True Love Leaves No Traces

by laireshi



Category: Marvel Cinematic Universe, The Avengers (Marvel Movies)
Genre: Angst, Avengers: Infinity War Part 1 (Movie) Trailer, Bleeding Edge armour, Extremis, Guilt, M/M, Not A Fix-It, Post-Captain America: Civil War (Movie)
Language: English
Status: Completed
Published: 2018-02-06
Updated: 2018-02-06
Packaged: 2019-03-14 12:32:31
Rating: Teen And Up Audiences
Warnings: No Archive Warnings Apply
Chapters: 1
Words: 1,448
Publisher: archiveofourown.org
Story URL: https://archiveofourown.org/works/13590129
Author URL: https://archiveofourown.org/users/laireshi/pseuds/laireshi
Summary: Tony builds himself a new armour; one that maybe will protect his heart. Steve calls.“Tony,” Steve breathes down the line. “I—”Realisation hits. “This isn’t an emergency,” Tony says.“I’ve heard about your heart.”





	True Love Leaves No Traces

**Author's Note:**

> Thanks for beta to [runningondreams](http://archiveofourown.org/users/runningondreams)!
> 
> Inspired by the latest Infinity War teaser. No spoilers aside from what was in the official trailers: I avoid any behind-the-scenes pictures or interviews myself. (Please don't spoil me in the comments!)
> 
> Also a fill for the "protection" square on my stony bingo card.
> 
> There's a Chinese translation by [fromgodwithlove](http://archiveofourown.org/users/fromgodwithlove/pseuds/fromgodwithlove) available in a few places: [1](http://archiveofourown.org/works/13645296), [2](http://www.mtslash.net/thread-248740-1-1.html), [3](http://guzhiduili.lofter.com/post/1eeacfd1_123d729b), [4](http://hailstony.actbbs.com/thread-5786-1-1.html),

Life after Siberia is a selection of scenes. Tony hates it, hates that there’s a _life after Siberia_ in the first place, hates that something that had no right to break shattered into fragments so minuscule there’s no hope of placing them back together.

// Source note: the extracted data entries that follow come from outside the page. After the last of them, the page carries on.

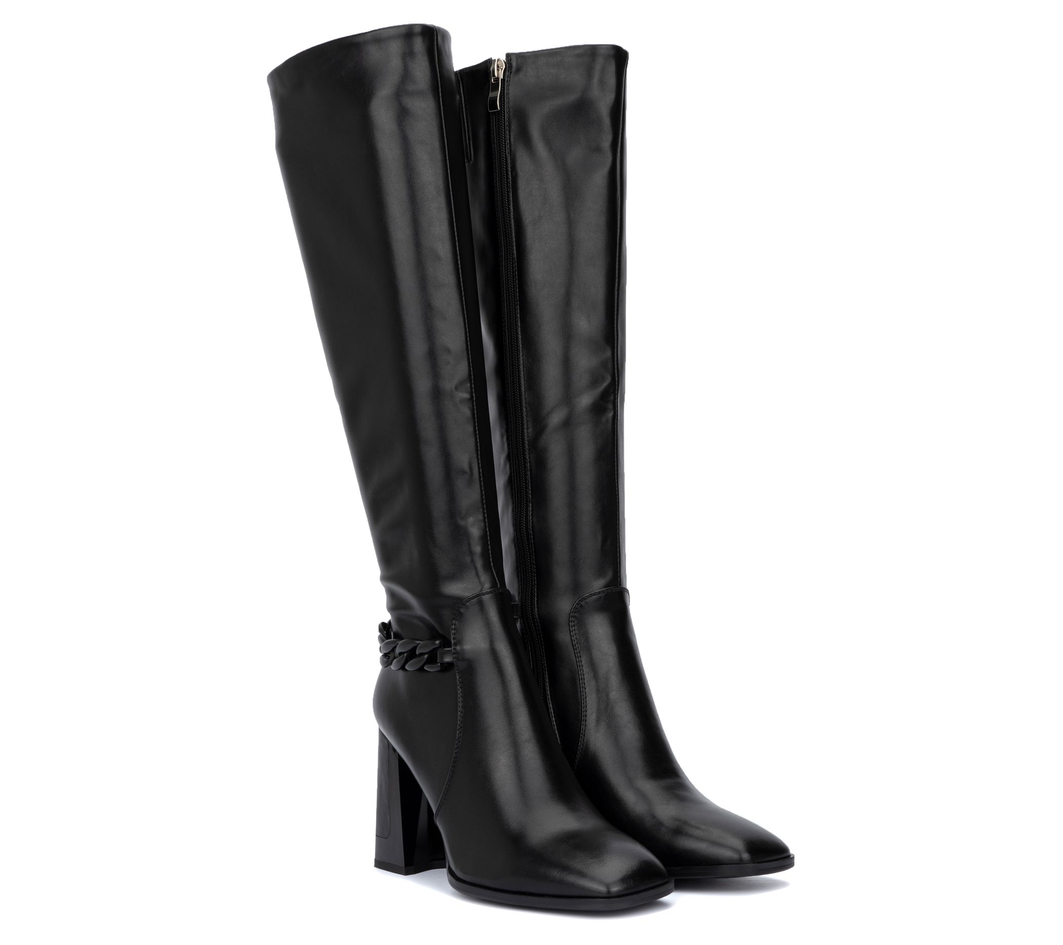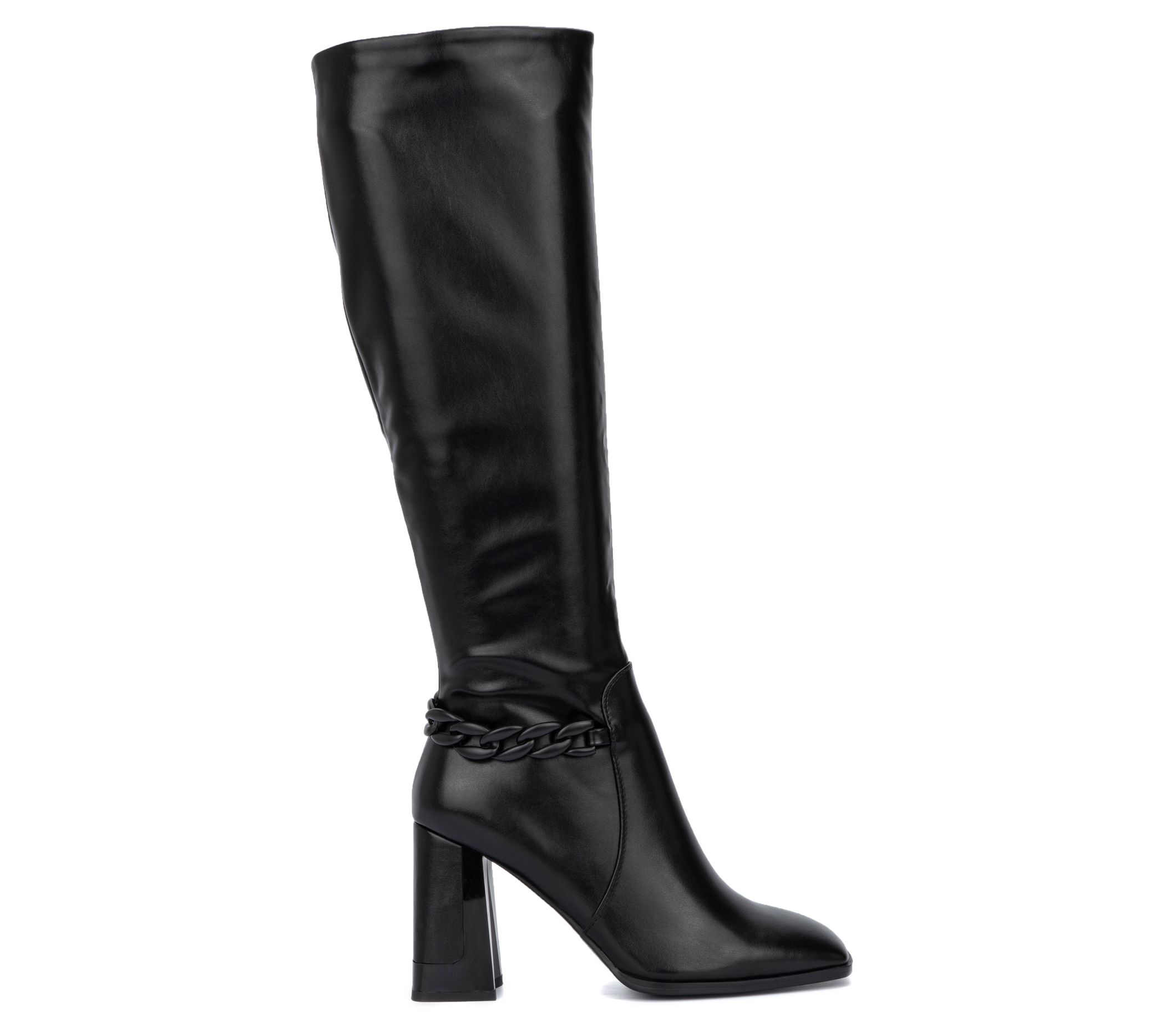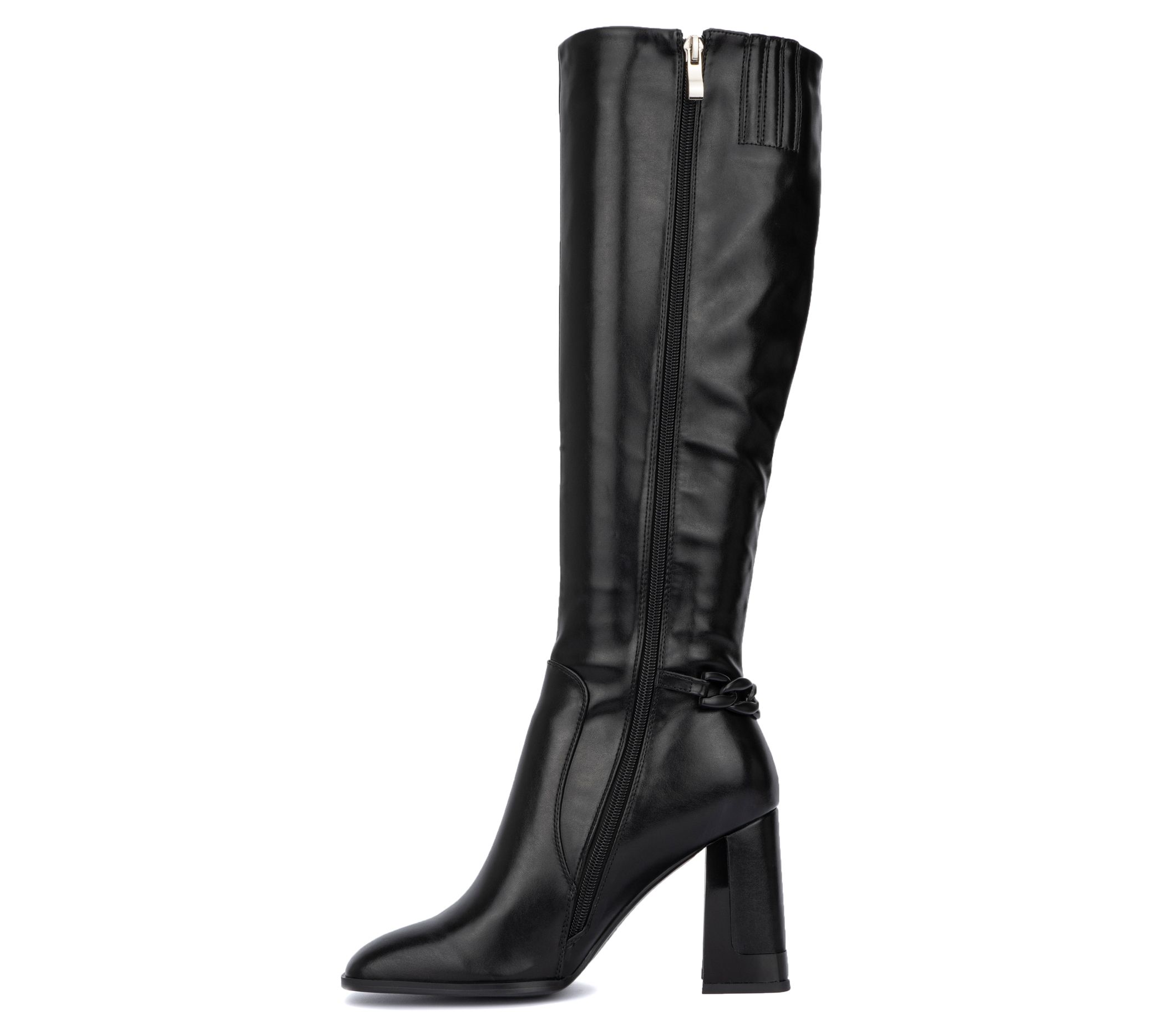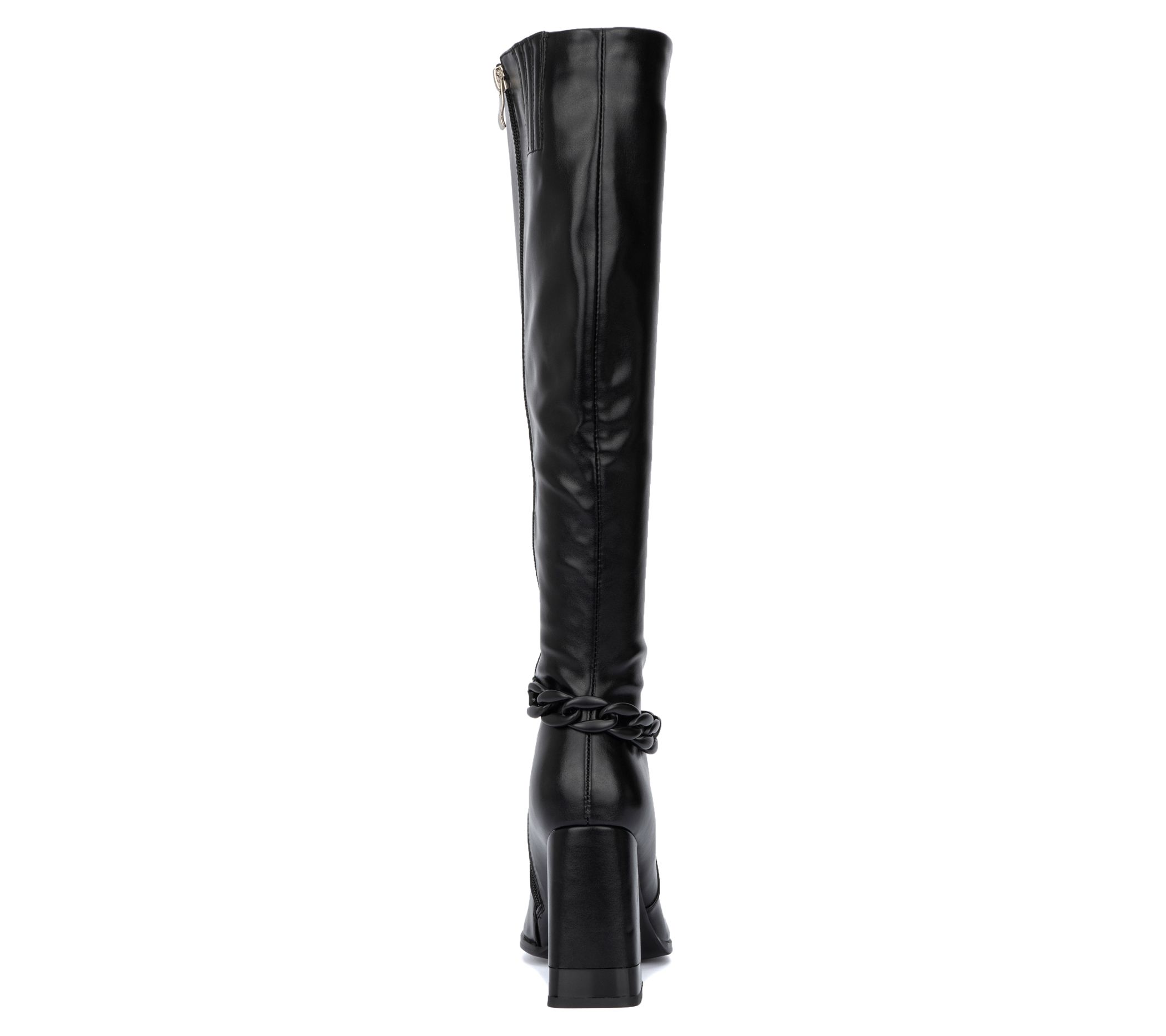 Combine comfort and style into one with this tall boot that elevates your ensemble to new heights. A side zip closure makes taking it on and off a breeze and a chain accent adds an edgy touch. From Torgeis.
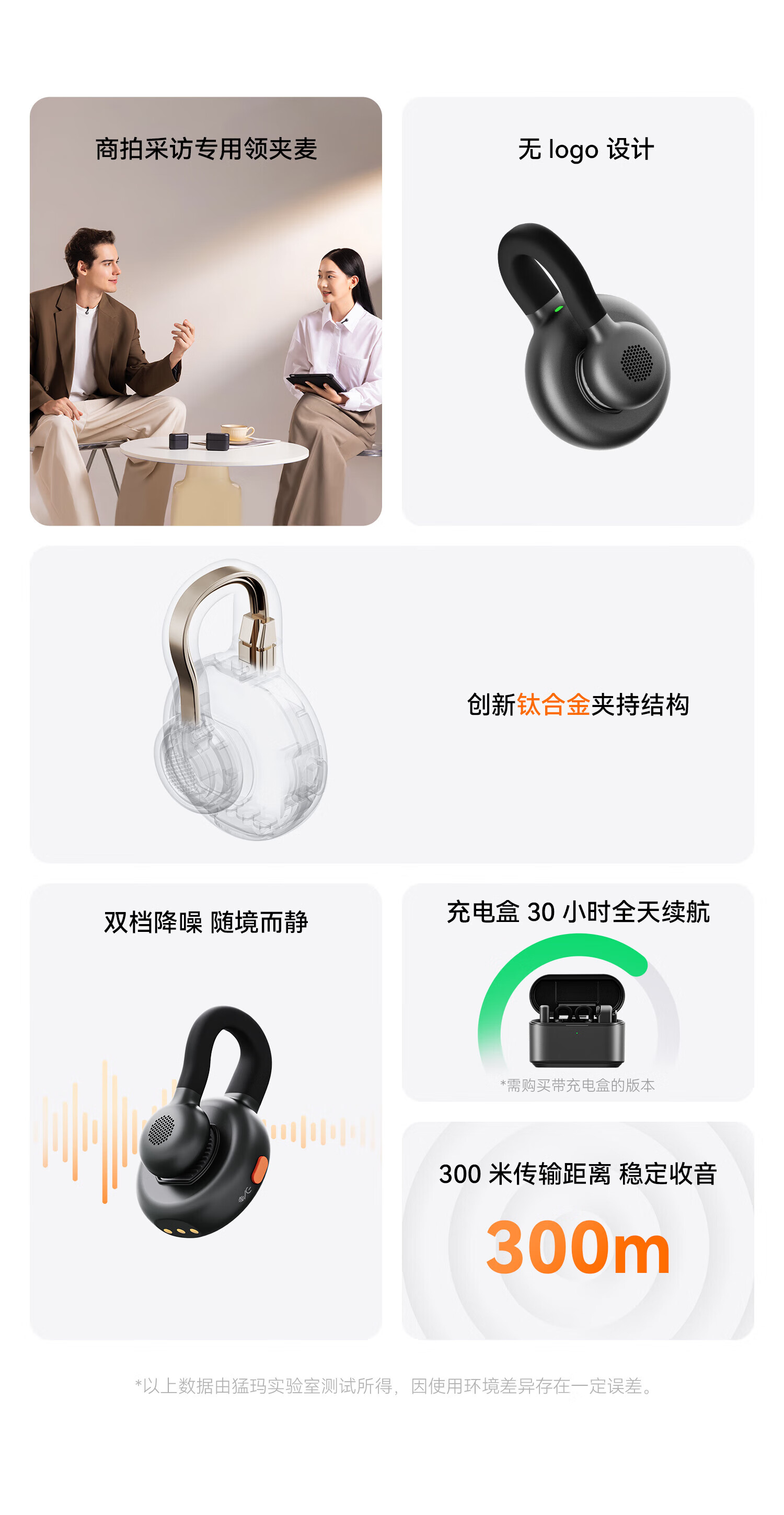 猛玛【政府补贴】LARK M2猛犸麦克风一拖二领夹麦克风无logo隐藏式麦克风无线麦克风主播专用收音麦m2 【Type-C版】一拖二带充电盒
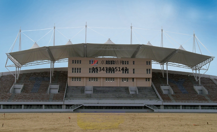 訂制體育場膜結(jié)構(gòu)看臺具有環(huán)保與安全性能。其可持續(xù)性設(shè)計(jì),通過透光膜材減少照明能耗,自潔涂層可降低維護(hù)成本。材料可回收,施工過程減少廢棄物排放。需通過結(jié)構(gòu)強(qiáng)度、抗老化、耐風(fēng)壓等多輪測試,確保50年以上使用壽命。在訂制體育場膜結(jié)構(gòu)看臺時,要選擇有經(jīng)驗(yàn)、信譽(yù)好的設(shè)計(jì)和施工團(tuán)隊(duì),嚴(yán)格按照相關(guān)規(guī)范和標(biāo)準(zhǔn)進(jìn)行操作,以確??磁_的質(zhì)量和安全性。
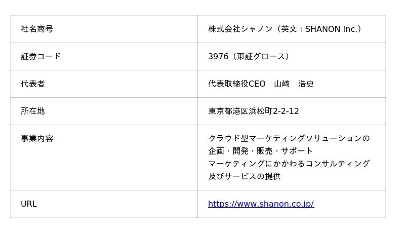 ■株式会社シャノンについてシャノンは、クラウドテクノロジーをコアに、企業のマーケティング課題を解決する製品・ソリューション・サービスを提供しています。デジタルとアナログを組み合わせるデジアナマーケティングなどを実現し、イベント、セミナー、マーケティングオートメーション、CMSまで提供するシャノンのマーケティングクラウドは、製造業、金融、不動産、ITサービス、商社や公共団体など業種を問わず、大規模から中小規模まで多様なシーンでご利用いただいています。

Some days, the feeling of _it can’t be real_ is so strong Tony’s sure his memory is playing tricks on him; it couldn’t have happened, it must’ve happened to someone else—but the pain is always real enough. Grounding, when Tony doesn’t want it to be.

Let’s take scene one: the shield. Tony takes it with him; he takes it because it’s pure vibranium and too dangerous to be left alone, he takes it because it’s a symbol that Steve doesn’t deserve anymore, he takes it because it’s Steve’s and it’s the last thing connecting Tony to him, now.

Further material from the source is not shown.